Friday, July 22, 2005

Technical Distractions

Email, cell phones, instant messenger, etc are driving users to distraction. This new study shows that the typical office worker is interrupted every 3 minutes with an email, instant message or phone call. According to scientists, it takes about 8 minutes for our brains to enter that creative state where real thought is accomplished.

The result is obvious. Our mind races all day putting out the fires stoked by those instant messages, emails and phone calls. Add to that the occassional fax and your brain may just fizzle out.

This is exactly what happened to me. At one point I was getting absolutely no work done while sitting in front of the computer. In between checking away messages, logging in to check email or answering phone calls, I was completely unproductive.

I realized that I had to make a change. I had to decide which technology was the most disturbing and the most dispensible. Since my email is a condition of employment, that could not be dispensed with all together. I have no home telephone line, so I couldn't get rid of my cell phone. However, IM was not a work requirement and is certainly not a primary means of communication.

So, away it went. As soon as I freed myself from the burden of checking away messages and responding to IMs from friends, I felt more relaxed and regained my lost productivity. I know it sounds ridiculous, but it's true. I felt so good that I didn't stop there.

I decided that I didn't have to be shackled to my email every minute of the day. I slowly started to limit the amount of time I spent checking and responding to email. First, I checked every 1/2 hour, then every hour and now I go hours without checking. So far nothing terrible has happened and I don't expect that it will.

This all reminds of the CNN advertisement that claims they provided 24 hours news before people even knew that it was necessary. The statement is incredibly misleading since CNN was the reason for people's fixation with the 24 hour newscycle, presidential body watch and fascination with celebrity news events. With the exception of the sporadic, true breaking news event, why couldn't people live happily without live news updates every 15 minutes between midnight and 6am?

I think self-imposed necessities, like 24 hour news and instant email responses, are a huge problem in our culture. We can send messages instantly, so we demand instant responses. We can contact anyone, anywhere, anytime and therefore expect that everyone should be reachable anytime and anywhere. But, what happens to that creative energy so many people are wasting as a result?

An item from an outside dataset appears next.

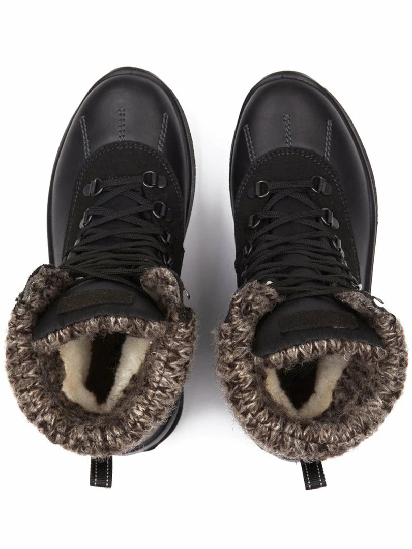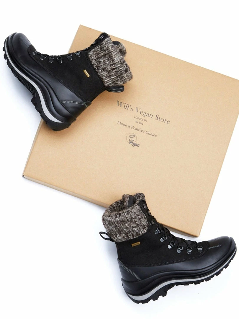 A vegan wool collar locks heat in the boot. Your feet sit in soft vegan shearling that luxuriously lines the inside down to your toes. The laces slide easily through the articulated lace hooks, pull on them to hug the boots against your ankles, for super comfy and snug boots.
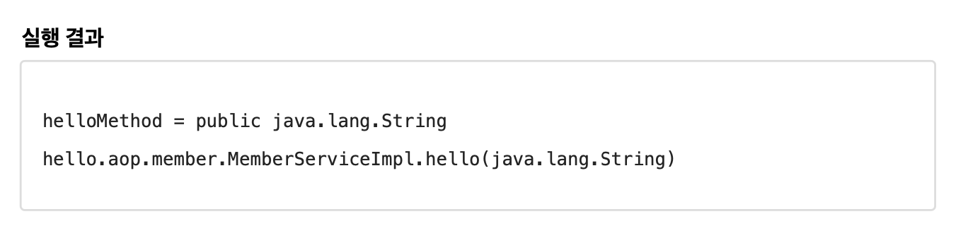 printMethod() 테스트는 MemberServiceImpl.hello(String) 메서드의 정보를 출력해준다.

Will America lose its role as inovator when our best and brightest are too busy responding to chain emails to think great thoughts?

Like some others, I am putting my foot down. You should do the same!

1 comment:

Anonymous said...

I think self-imposed necessities . . . are a huge problem in our culture.

Ok, Will, how often do you post to you blog? Is there a bloggers-anonymous?

its a half-joke, I doubt you consider your blog a necessity, but it begs the question: what is necessity, and its inverse, independence. In this vein I have a story to tell.

Sometime around freshmen year of college, I had one goal in life: to become independent. The problem was, I didn't really know what that meant. There are a few core examples, of course, financial independence, emotional independence, social independence. But, what I learned was very quickly you started seeing everything as a dependence. I remember when I left the music program at UWEC, it was in not small part because I considered music an dependence -- I wasn't doing music for the music, but rather for the attention. So what is the result of this in the limit? a single body floating in a void dependent on nothing? It may seem silly, but it took me a significant amount to come to the conclusion that independence isn't want it cracked up to be. We do depend on things, and thats ok. The key here though, and its very important, is to remember that they are self-imposed necessities; meaning you are free to unimpose them at any time! That why all this technology has off buttons. Technology is here to save time overall, and once it stops doing that, it shouldn't be used. (I would go into my thoughts on whether technology can universally save time, and computers as time-banks, but those are rants of another day).

As for the "8 minutes to enter a creative state," I must be slow -- it takes me at least 20. Which is, of course, why I do my best programming at night.